■ TASK TO COMPLETE ■
Transcribe only what runs from the line containing "Cadia Organic Creamy" through the end of the listing, line for line and exactly, and omit the pictures.

■ DATA RECORDS ■
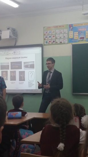 19 февраля директор ЦКПНР УГТУ — Захаров Д. Ю. стал гостем на открытом уроке 1-го класса 10-й школы, посвященном науке.
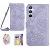 HT03 Für Samsung Galaxy A16 5G/A16 4G Hülle Sturzsichere Leder Handyhülle Schmetterling Blumen Prägung
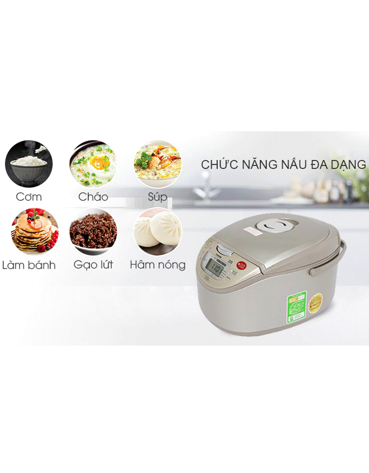 11 chức năng : 7 chức năng nấu cơm (nấu gạo trắng, nấu gạo không vo, nấu cơm trộn, nấu gạo lức, nấu gạo còn Amino Acid, nấu cháo, nấu cơm nhanh), lên men làm bánh, làm bánh, luộc trứng, nấu tàu hủ và giữ ấm
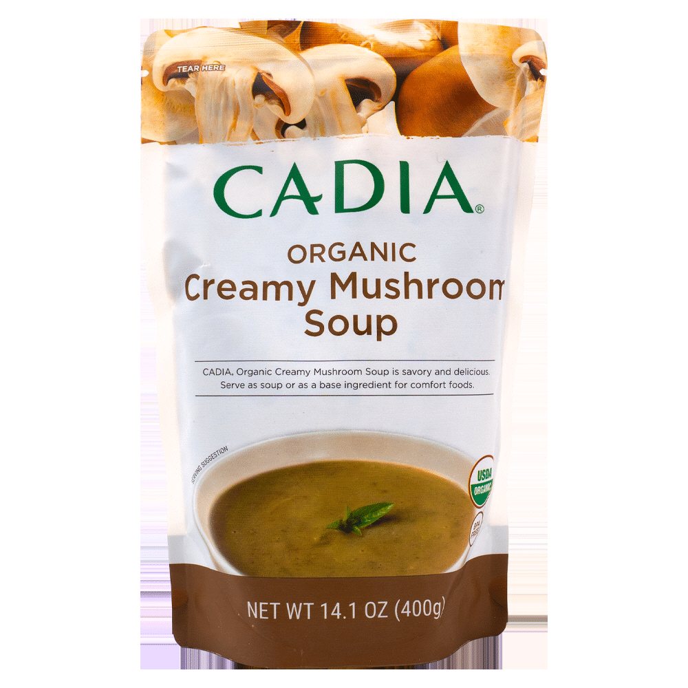 Cadia Organic Creamy Mushroom Soup is savory and delicious. Serve as a soup or as a base ingredient for comfort foods.
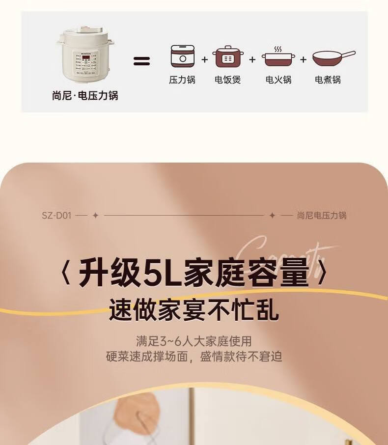 尚尼 微电脑智能操作电压力锅5LSZ-D01
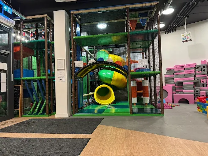 Kreatywna sala zabaw z małpim gajem, huśtawkami i dużymi klockami, oferująca zajęcia dla dzieci w każdym wieku.
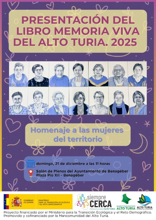 La Mancomunidad del Alto Turia dará un paso decisivo en la preservación de su patrimonio inmaterial el próximo domingo 21 de diciembre. A las 11:00 horas, el Salón de Plenos del Ayuntamiento de Benagéber será el escenario de la presentación de Memoria Viva del Alto Turia 2025, una obra que rescata y dignifica las trayectorias vitales de las mujeres de la comarca.
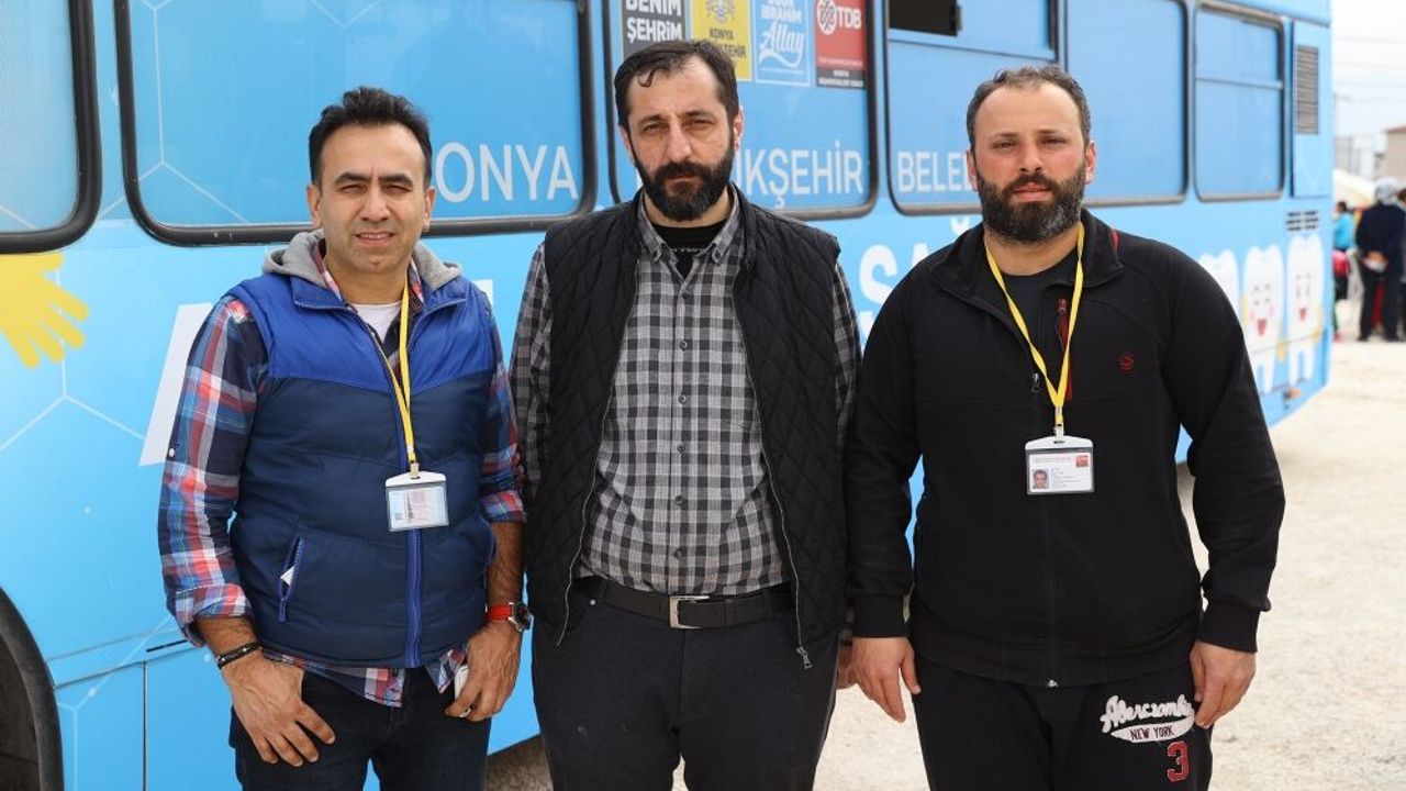 Konya Büyükşehir Belediyesi ile Konya Diş Hekimleri Odası işbirliğinde, 2 hekimin aynı anda hasta alabileceği kapasiteye sahip otobüs, Çekmece Mahallesi'nde depremzedeler için kurulan çadır kentte konuşlandırıldı.

■ EXERCISE RESULT ■
 Cadia Organic Creamy Mushroom Soup is savory and delicious. Serve as a soup or as a base ingredient for comfort foods.
 尚尼 微电脑智能操作电压力锅5LSZ-D01
 Kreatywna sala zabaw z małpim gajem, huśtawkami i dużymi klockami, oferująca zajęcia dla dzieci w każdym wieku.
 La Mancomunidad del Alto Turia dará un paso decisivo en la preservación de su patrimonio inmaterial el próximo domingo 21 de diciembre. A las 11:00 horas, el Salón de Plenos del Ayuntamiento de Benagéber será el escenario de la presentación de Memoria Viva del Alto Turia 2025, una obra que rescata y dignifica las trayectorias vitales de las mujeres de la comarca.
 Konya Büyükşehir Belediyesi ile Konya Diş Hekimleri Odası işbirliğinde, 2 hekimin aynı anda hasta alabileceği kapasiteye sahip otobüs, Çekmece Mahallesi'nde depremzedeler için kurulan çadır kentte konuşlandırıldı.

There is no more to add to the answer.